In a headline 6 months ago, form Fortune magazine titled:
“The World’s Biggest Floating Garbage Dump Is Now Bigger Than Alaska”
That was not new because this Floating garbage has been named in 1980s when it was first discovered and was named ‘The Great Pacific Garbage Patch’ (GPGP). In this latest estimate its size grew to an overage of 8 times to 617,763 square miles, a size close to Alaska the biggest of the US States, 2.5 times the size of Texas and 4 times that of California where this garbage might end-up. These figures are being announced by Boyan Slat the founder of the non-profit organization Ocean Cleanup. The GPGP lies between Hawaii and California contains 79,000 tons of plastic.
This problem has been tackled by Boyan Slat a 24-year-old Dutch inventor, who dreamed of this project to clean all the plastic waste from the Oceans when he was 16 and started ‘Ocean Cleanup’ foundation at 18 and invented massive plastic-cleaning device that will remove 50% of the Great Pacific Garbage Patch in five years.
Ocean Cleanup has raised $35 million from donors and crowdfunding campaigns. The raised funds allowed them to test more than 270 models and six prototypes before creating System 001.
Now, 6 years later and at age 24 his device that was named is ready to launch from the San Francisco Bay and head toward the GPGP.
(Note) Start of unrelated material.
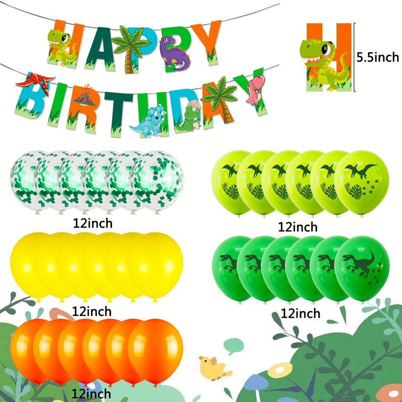 - 【Dinosaur Birthday Decoration Set 3】incl latex balloons*20,"Green Dinosaur Birthday Banner"x1, "Dinosaur-theme cake decoration"x7 ,Number "23",Dinosaur Aluminium Foil Ballonx7 (XXL Version*4+Q-Version*3), 10m band x1.

The devise, with a full deployment of 60 arrays of System 001, is 2,000 feet of floating booms propelled by wind and waves, will corral plastic into the center of its U-shaped form where an accompanied vessel will pick up the plastic garbage and ship it back for recycling. If this original pilot succeeds and more systems are deployed, ‘The Ocean Cleanup’ anticipates removing 50% of the GPGP in five years.
In a deceiving headline, to solve our solutions of GPGP:
“Putting more plastic in the ocean might actually be a good thing”
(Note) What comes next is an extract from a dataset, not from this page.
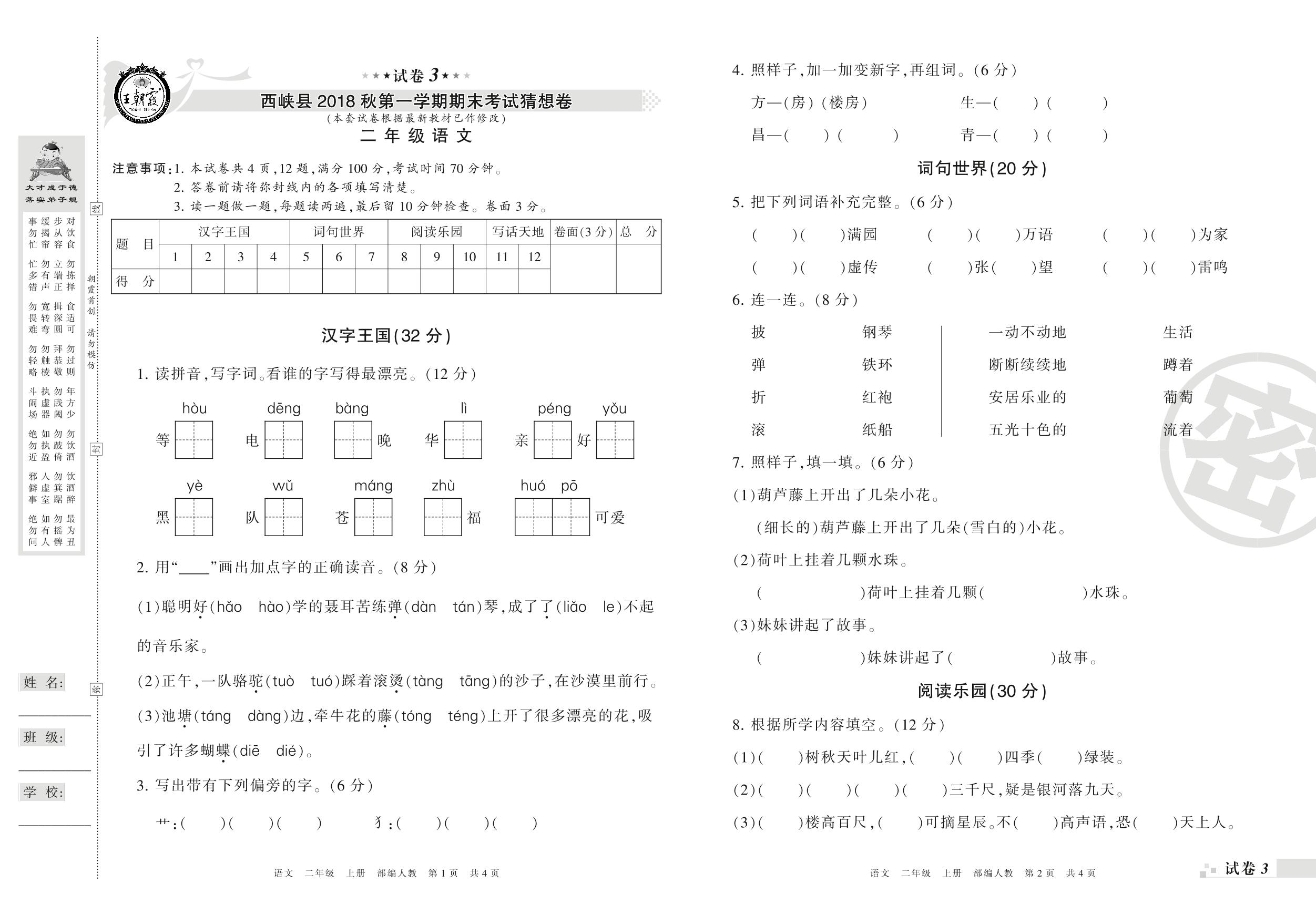 2018-2019学年第一学期南阳市西峡县二年级语文试卷(人教版)_R21080180613【3】

The ocean vastness has prevented us from detecting many of these plastics waste islands until the 19080s. By putting more plastics, and here is the catch of the title, by using introducing millions of detectors and sensors, that mostly made of plastics, into our oceans and seas for a huge network of environmental detections
‘The Great Pacific Garbage Patch’ is only of fraction of what could be hidden in these vast oceans. The estimate that there is around 8 million metric tons of plastic garbage enter our oceans every year.
Technology is only part of the solution, but the best option is to stop this disaster at its source and stop dumping everything into the ocean.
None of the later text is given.